City of the Rats
- First edition
- Author: Emily Rodda
- Cover artist: Marc McBride
- Series: Deltora Quest
- Genre: Fantasy novel
- Publisher: Scholastic
- Publication date: 2000
- Publication place: Australia
- Media type: Print (hardback & paperback) Audiobook E-book
- Pages: 132
- ISBN: 0-439-25325-X
- OCLC: 47014806
- LC Class: CPB Box no. 1857 vol. 34
- Preceded by: The Lake of Tears
- Followed by: The Shifting Sands

= City of the Rats =

2001 Book by Jennifer Rowe (as Emily Rodda)

City of the Rats is the third novel in the eight-volume fantasy series Deltora Quest, written by Australian author Emily Rodda. The novel was first published by Scholastic in 2000, and later released in the United States in 2001. The novel continues Lief, Barda, and Jasmine's journey to find the seven missing gems of Deltora, braving dangers and guardians in each book.

==Plot summary==
Lief, Barda, and Jasmine leave the Lake of Tears after retrieving the Ruby, searching for the next gem at the City of the Rats. While traveling, they find signs for a shop run by a "Tom", something Jasmine is unfamiliar with, but are trapped by Sorceress Thaegan's remaining eleven children, seeking revenge over the deaths of Thaegan, Jin and Jod. Noting the children's argument over how to divide them to eat, Lief and Barda provoke the children into infighting over deciding fairly, resulting in all of them being killed bar the strongest, Ichabod, while Lief, Barda and Jasmine escape thanks to Filli.

After wounding Ichabod and escaping Thaegan's territory, the group find and enter Tom's shop and buy useful provisions while encountering a scarred stranger who draws the Ralad sign of freedom in the dust on Tom's counter, resulting in Tom selling him goods at a discount. They also attempt to purchase horses from Tom, but Tom refuses due to the horses being booked for other clients, instead selling them tri-legged Muddlets. Tom warns them to avoid taking a certain path, but Lief ignores his advice, believing Tom, not knowing their destination, was trying to warn them away from the City of the Rats.

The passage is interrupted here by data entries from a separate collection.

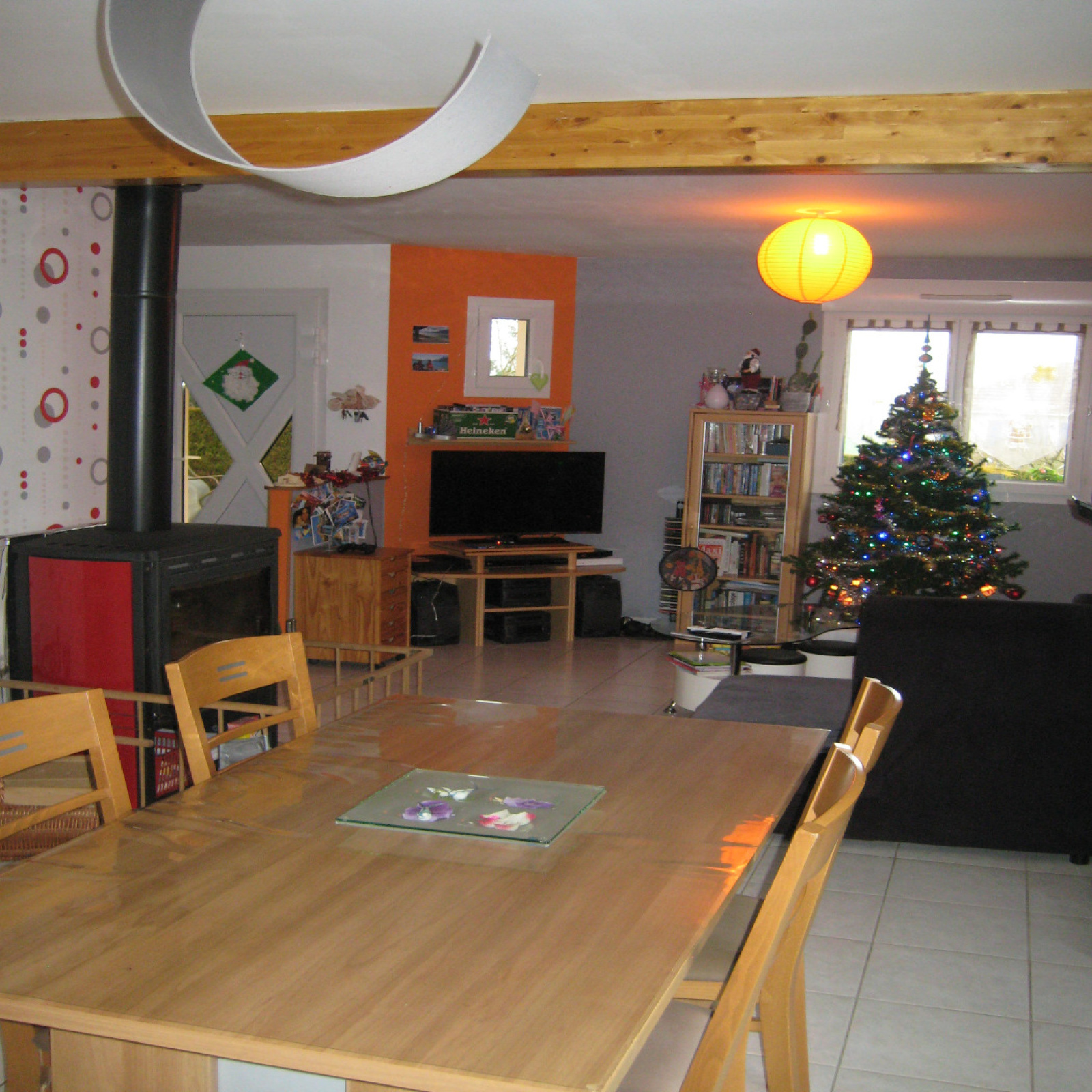 Chauffage électrique (au sol au rez-de-chaussée, convecteurs à l'étage) + poêle à bois.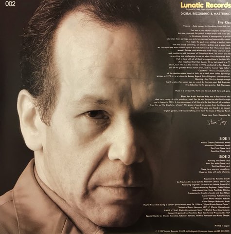 ポスト・フリーを追求し続けた孤高のソプラノ・サックス奏者Steve Lacyが86年来日時に行ったソロ・ライブ録音で構成された87年作。Thelonious Monkに強い影響を受けた、思索的でシニカルなユーモアも感じられるSteve Lacy特有の曲がりくねったソプラノは本当に独特!Steve Lacyの世界にどっぷり浸れる一枚です。日本オンリー盤のため海外からも人気の作品。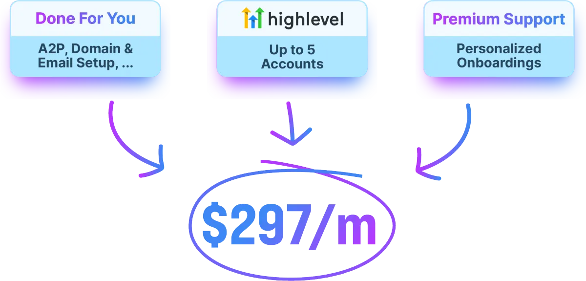 Done-for-you A2P approval, complete email domain setup, 1on1 onboardings, & ongoing real human support.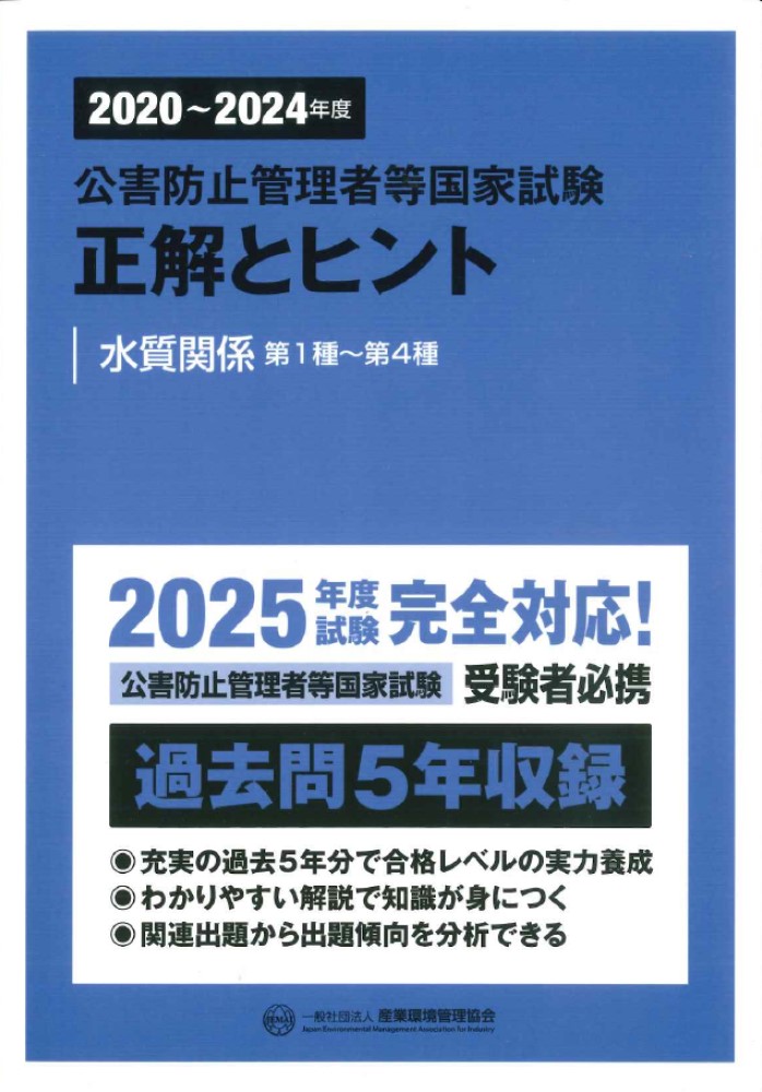 2020〜2024年度 公害防止管理者等国家試験 正解とヒント 水質関係第1種〜第4種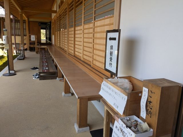 拝観は靴を脱いで行います。袋代はお気持ちを、そして使用した袋は持ち帰りを推奨されておりました。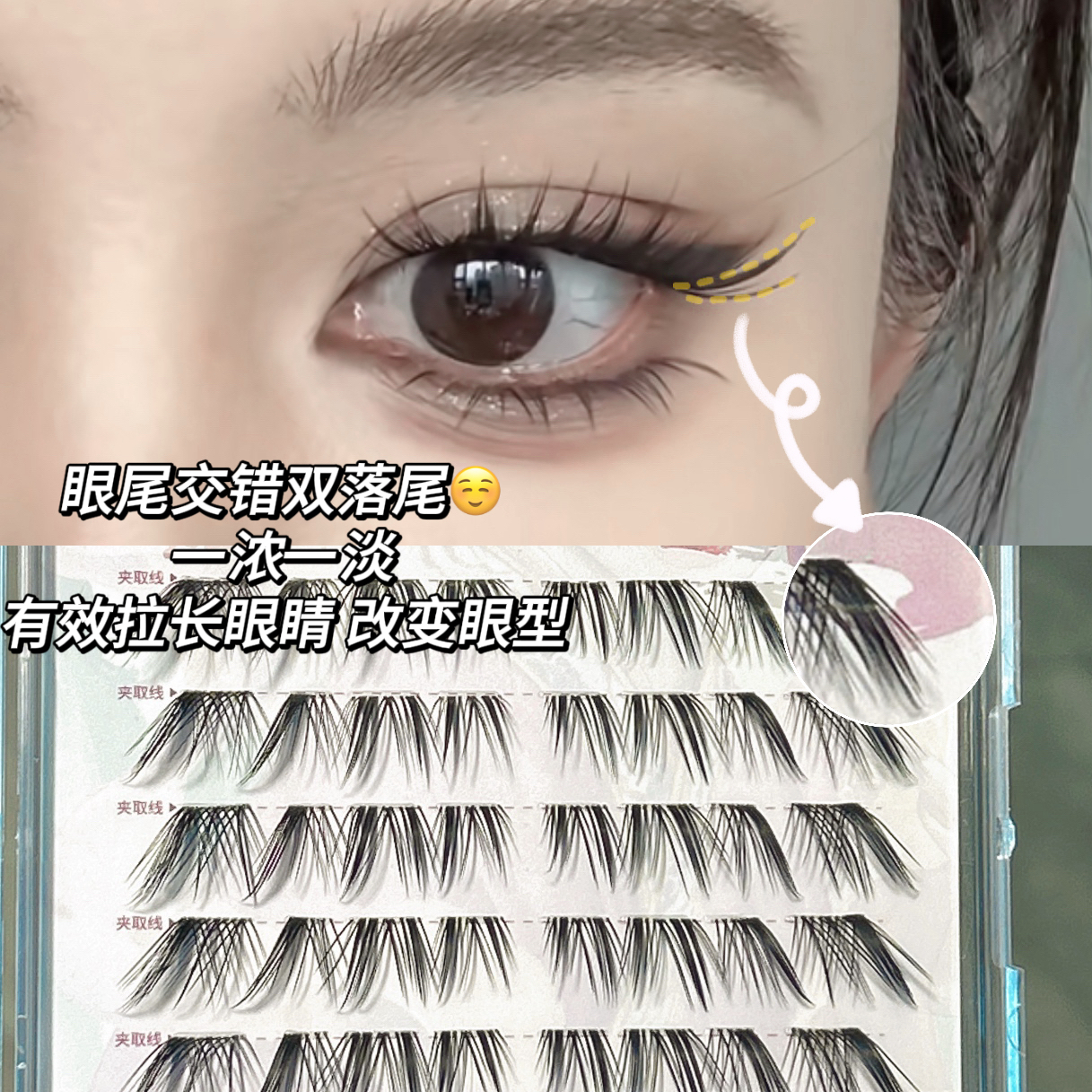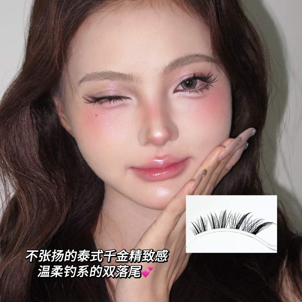 泰式千金落尾睫!免胶倒扣钓系浓密自然嫁接纯欲野生毛流假睫毛
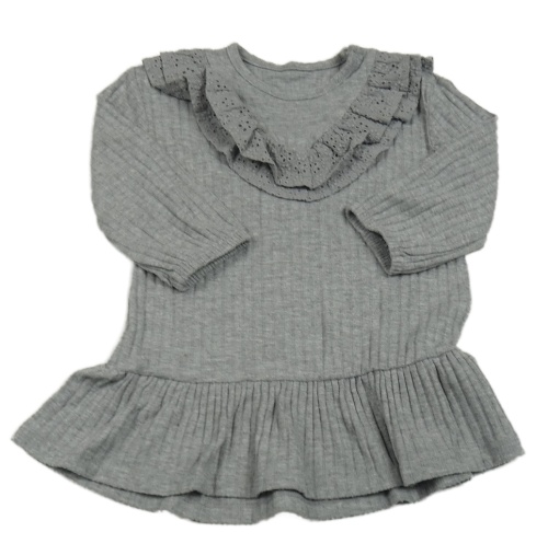 Sivé rebrované úpletové šaty s volániky s madeirou George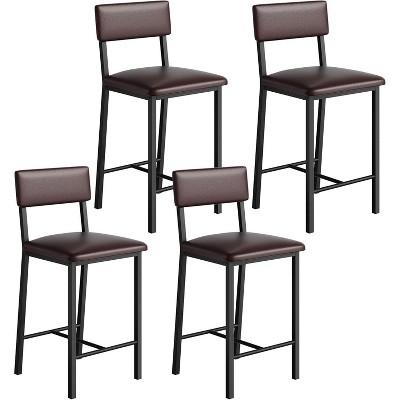 TiramisuBest Rattan Leather Dining Chairs 18 Inch Set of 2 Faux Leather Woven Strips Solid Wood Frame Kitchen Living Room Side Chairs, Brown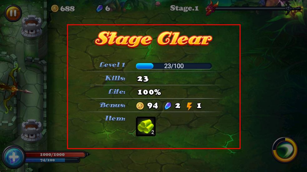 4、成功消灭所有敌方怪物后,游戏界面显示“Stage Clear”,完成第一关。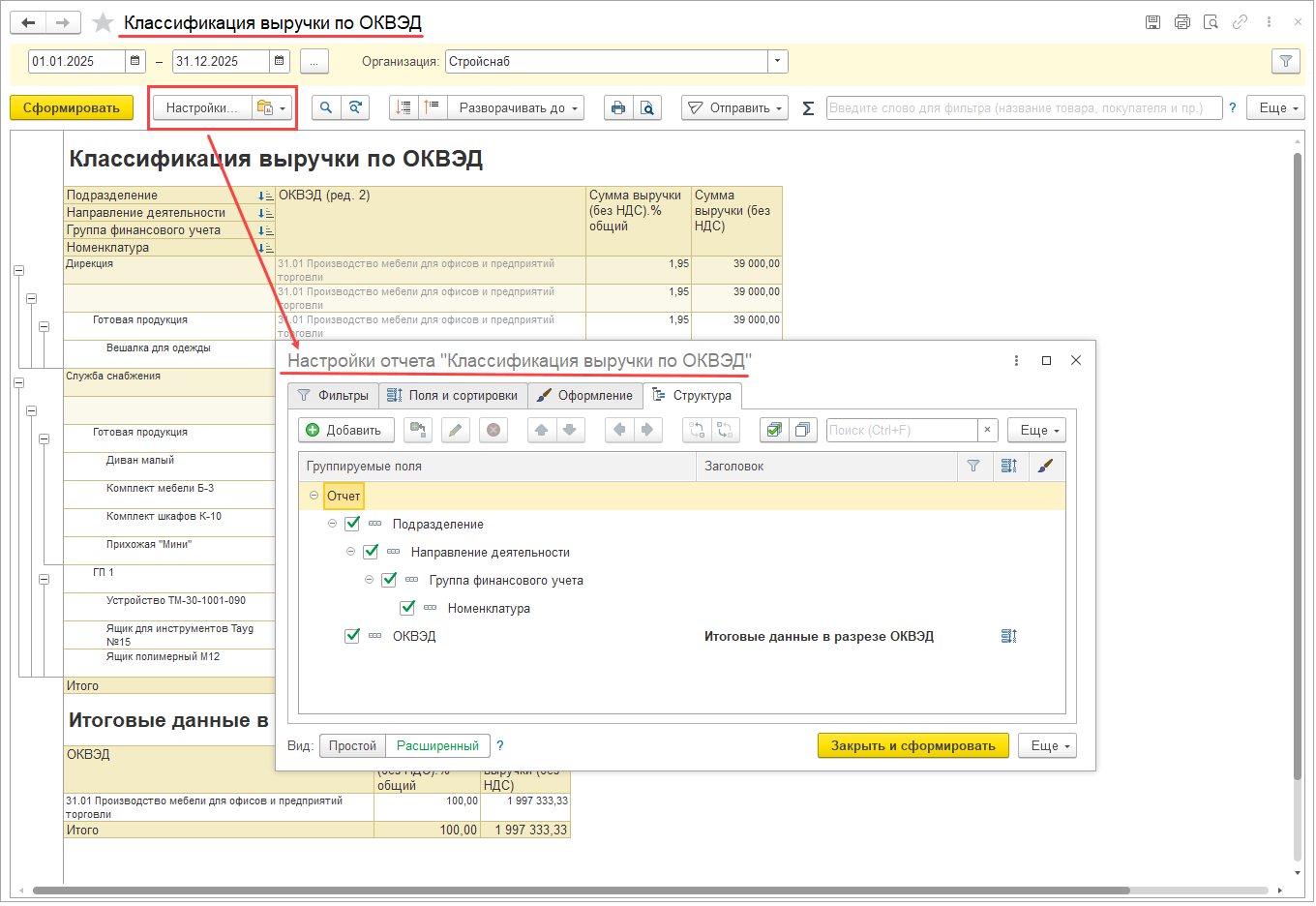 В группировке отчета на одном уровне должно быть добавлено только одно поле. Иначе отчет сформируется с данными по выручке, но без данных по ОКВЭД, т.к. нет понимания приоритета полей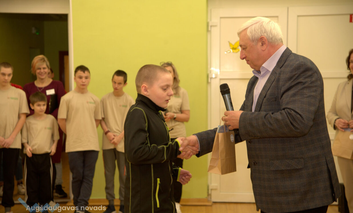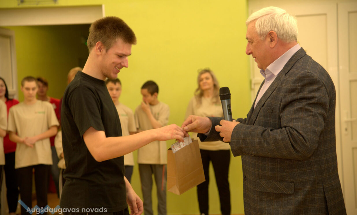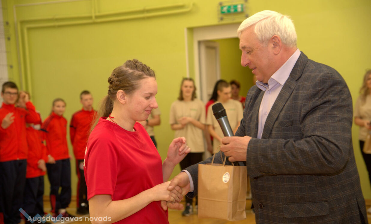 Dalībniekus sveica Augšdaugavas novada pašvaldības domes priekšsēdētājs Arvīds Kucins un novada izglītības pārvaldes vadītāja Janita Zarakovska.
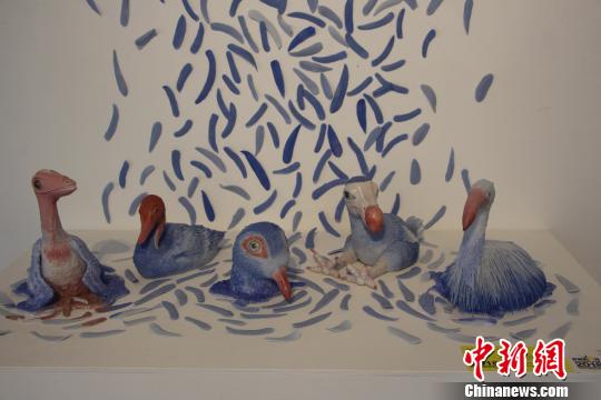 图为重庆艺术大市场暨开放的六月——2018四川美术学院艺术游开幕,作品《Blue Bird》。 高吕艳杏 摄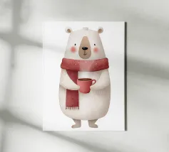 Simpatico orso in inverno con sciarpa e tazza calda - perfetto per un look accogliente, per l'inverno, per il Natale e per tutti coloro che amano i simpatici motivi animali.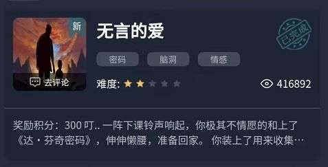 犯罪大师无言的爱答案是什么?《无言的爱》是crimaster犯罪大师在12月20日谜之解密板块发布的难度为2星的谜题,这一章内有3个关卡,全部答对可获得300积分,想知道答案的玩家,以下是小编为大家带来的犯罪大师无言的爱答案,一起来看看吧。

The Muddlets subsequently bolt, knocking Lief, Barda and Jasmine out, and they are found by the people of Noradz.

Noradz is ruled by the Ra-Kacharz, who enforce a state of extreme cleanliness and serve a luxurious meal for the populace and their guests. Lief befriends one of the serving girls, Tira, after taking the blame for her spilling food accidentally, a crime punishable by whipping in Noradz, which Lief is spared due to being a guest. However, when Filli comes out of hiding from Jasmine's shirt, the people of Noradz believe she brought it to destroy him and try to kill him, imprisoning the trio after Filli escapes. Reece, leader of the Ra-Kacharz, commands Lief to pick a card labeled either "Life" or "Death" out of a cup to decide their fate, but Tira alerts Lief that both cards are labeled "Death", allowing Lief pretend to accidentally burn one of them and have the other Ra-Kacharz, unaware of Reece's treachery, believe he had drawn the "Life" card when they find the "Death" card remaining. Although spared, the trio are imprisoned without food, and Tira visits them and reveals Reece had claimed they would be looked after. They convince Tira to release them and show them how to escape, and Tira leads them to the kitchens, where "The Hole" is said to be the only other escape from Noradz. Four of the Ra-Kacharz, including Reece, attack the group and easily defeat them, but three are beaten when distracted by Filli and Tira knocks Reece out with a frying pan and flees back into Noradz. Disguising themselves in the Ra-Kacharz' hard red uniforms, they escape into The Hole with Reece, who is killed when he is exposed to poisonous fungus in the tunnel; the Ra-Kacharz' uniforms protect them normally. They hide in a cart carrying food tossed into the Hole, only to return to Tom's shop and learn he supplies the Grey Guards who take the food to Del to feed the Shadow Lord's servants. Tom conceals the trio and claims to be neutral, admitting he had sold them Noradz' Muddlets out of greed.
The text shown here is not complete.